Prominently known as a self-taught artist, Léon Spilliaert was one of Belgium‘s most important artists of the 20th century. Strongly influenced by symbolism, his work emphasises on subjective reality and evocative moods, echoing the expressionist work of Edvard Munch and his contemporary James Ensor. Spilliaert bridged the transition between these styles in his scenes of solitary, introspective figures in isolated, mysterious settings resulting in a diverse and enigmatic œuvre.

Flacons et boîtes is exemplary in its combination of life-like and manipulated elements, which have been enhanced and enlarged so as to become almost surreal in their presence. Spilliaert skilfully depicted the reflections of the light on the glass, however he has flattened the forms of the bottles and set them in an undefined, angular setting, enhancing the qualities of this work and the relationship of the elements within their abstracted background.

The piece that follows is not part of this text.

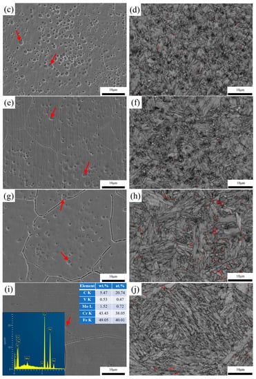 As can be seen in Figure 2, the microstructure of the as-quenched samples at different austenitizing temperatures is mainly composed of lath martensite, carbides and a small amount of retained austenite. In order to observe the carbides clearly, we used 10% sulfuric acid in saturated potassium permanganate solution to etch samples, in which the carbides are eroded and the martensite matrix is not eroded. However, the morphology of the martensite matrix can be observed clearly in the band contrast (BC) map by using EBSD. In Figure 2, the red arrows point to carbides. As shown in Figure 2, the morphologies of carbides are mainly spherical and ellipsoid, which were inherited from the annealed state [15]. It is well-known that the area fraction equals the volume fraction if the particles distribute uniformly in the matrix [19]. The volume fractions of carbides summarized in Table 3 were counted by using the image processing method based on the SEM images. With an increase of the austenitizing temperature from 950 to 1150 °C, the volume fractions of carbides decrease from 8.82% to 0.25%. Notably, the volume fraction of the carbides decrease rapidly at 1050 °C. At 950 °C, the carbides dissolve slightly, and the prior austenite grain boundaries are indistinct. With an increase of the austenitizing temperature, carbide dissolution accelerates and the size of prior austenite grains also increase. When the austenitizing temperature reaches 1150 °C, the carbides almost disappear. According to the results of EDS shown in Figure 2i and the XRD shown in Figure 3, the carbides are M23C6 (M = V, Mo, Cr, Fe).
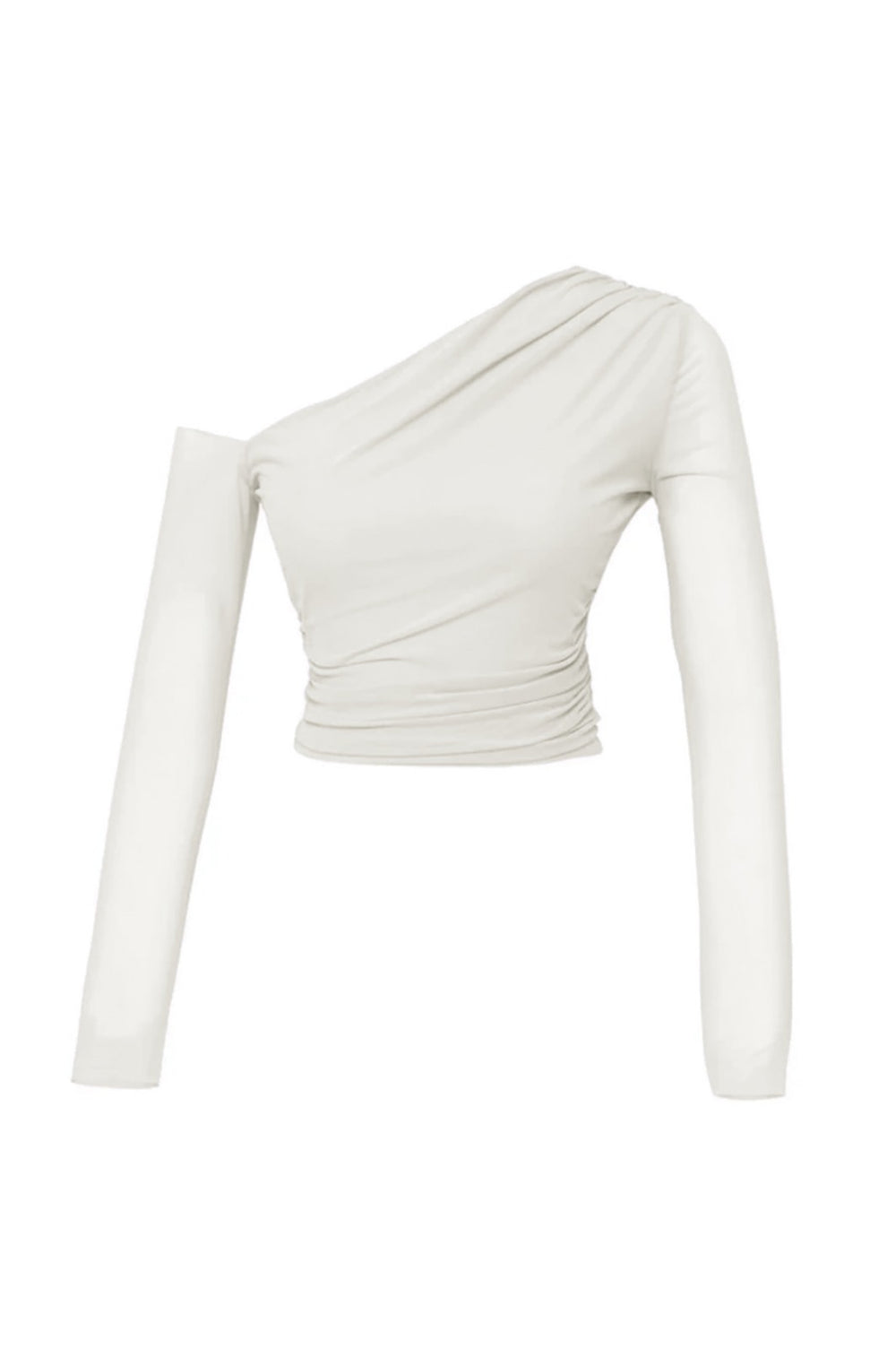 Düşük Omuz Detaylı Tül Bluz Ekru

Flacons et boîtes was created at a time when the artist worked intensely on a celebrated series of self-portraits. This involvement resulted in a somewhat intrinsic quality of the present work which appears torn between an introspective representation and the quest for a purified visual language to capture reality. In a letter of 1904 Spilliaert described his struggle: ‘Never ever paint from imagination. Symbolism, mysticism, etc, etc, all of that is a breakdown, an illness.  I want to tear up everything I've done up until now ... Ah if only I could be rid of my anxious, feverish character, if life did not have me in its grip, I would go somewhere in the countryside to copy quite simply what my eyes saw without interpreting or embellishing.  That is true painting’ (quoted in Bruxelles, Musée des Beaux-Arts, Léon Spilliaert, un esprit libre, 2006, p. 12). Spilliaert’s concerns with a hyper-realistic way of depicting the world around him resulted in a timeless evocation of the beauty of everyday objects and the purity of their forms through a subtle and velvet-like modulation of colour and medium.